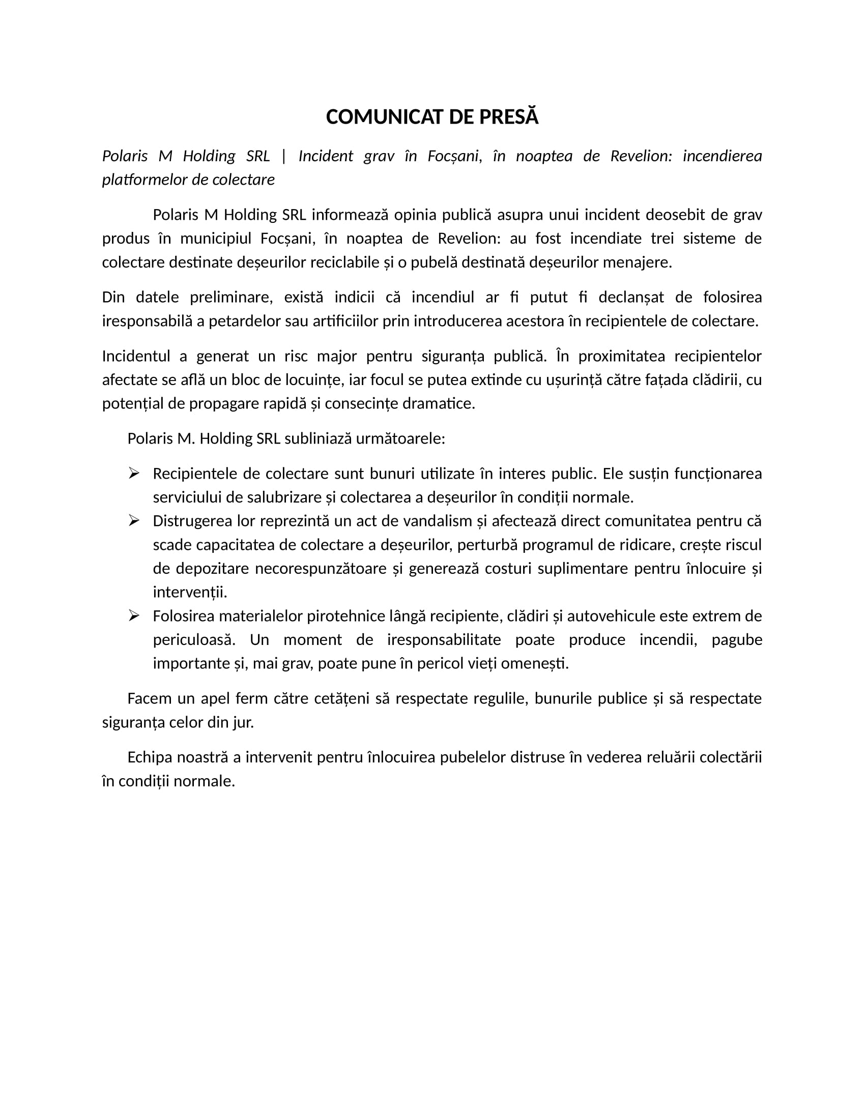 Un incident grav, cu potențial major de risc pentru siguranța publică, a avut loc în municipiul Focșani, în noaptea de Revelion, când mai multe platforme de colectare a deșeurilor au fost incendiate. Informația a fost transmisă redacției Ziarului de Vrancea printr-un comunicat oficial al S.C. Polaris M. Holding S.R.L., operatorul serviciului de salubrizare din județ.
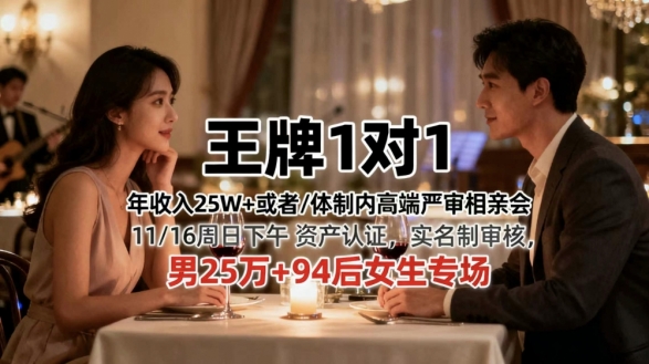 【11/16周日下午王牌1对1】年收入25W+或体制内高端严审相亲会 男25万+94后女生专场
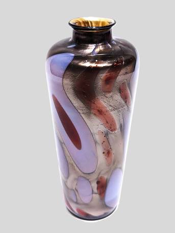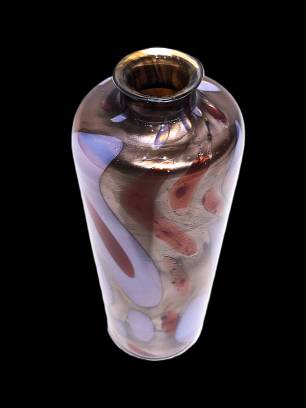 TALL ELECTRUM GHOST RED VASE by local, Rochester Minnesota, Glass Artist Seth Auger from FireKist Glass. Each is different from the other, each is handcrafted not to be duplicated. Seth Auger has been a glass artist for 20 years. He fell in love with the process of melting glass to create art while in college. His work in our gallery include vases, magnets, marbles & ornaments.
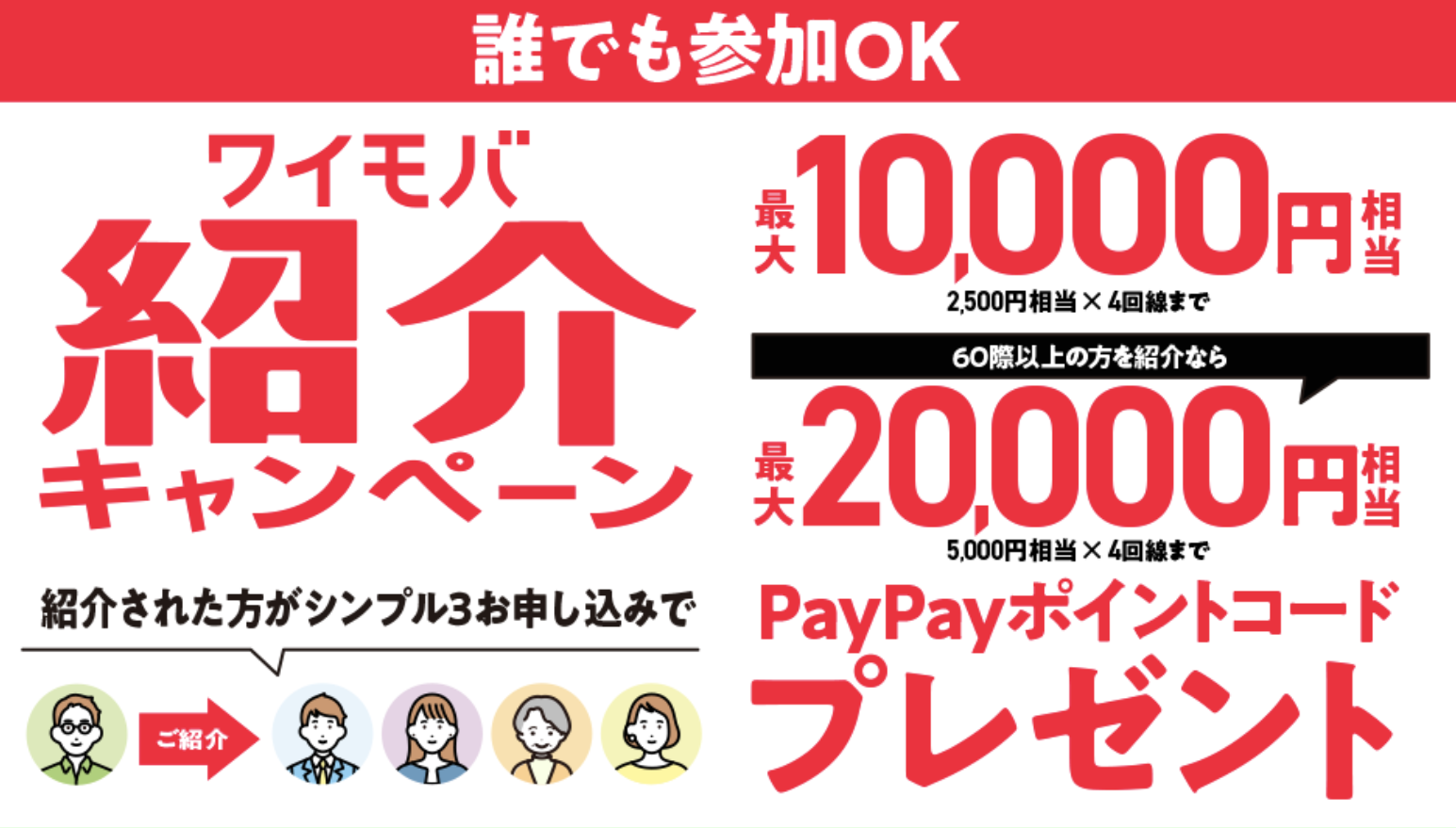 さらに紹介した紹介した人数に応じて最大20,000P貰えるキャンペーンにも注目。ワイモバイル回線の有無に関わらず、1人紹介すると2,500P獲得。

******************************

Instructions for the task:
I'd like the material above repeated exactly, with the pictures omitted.

Solution for this problem:
 Un incident grav, cu potențial major de risc pentru siguranța publică, a avut loc în municipiul Focșani, în noaptea de Revelion, când mai multe platforme de colectare a deșeurilor au fost incendiate. Informația a fost transmisă redacției Ziarului de Vrancea printr-un comunicat oficial al S.C. Polaris M. Holding S.R.L., operatorul serviciului de salubrizare din județ.
 【11/16周日下午王牌1对1】年收入25W+或体制内高端严审相亲会 男25万+94后女生专场
 TALL ELECTRUM GHOST RED VASE by local, Rochester Minnesota, Glass Artist Seth Auger from FireKist Glass. Each is different from the other, each is handcrafted not to be duplicated. Seth Auger has been a glass artist for 20 years. He fell in love with the process of melting glass to create art while in college. His work in our gallery include vases, magnets, marbles & ornaments.
 さらに紹介した紹介した人数に応じて最大20,000P貰えるキャンペーンにも注目。ワイモバイル回線の有無に関わらず、1人紹介すると2,500P獲得。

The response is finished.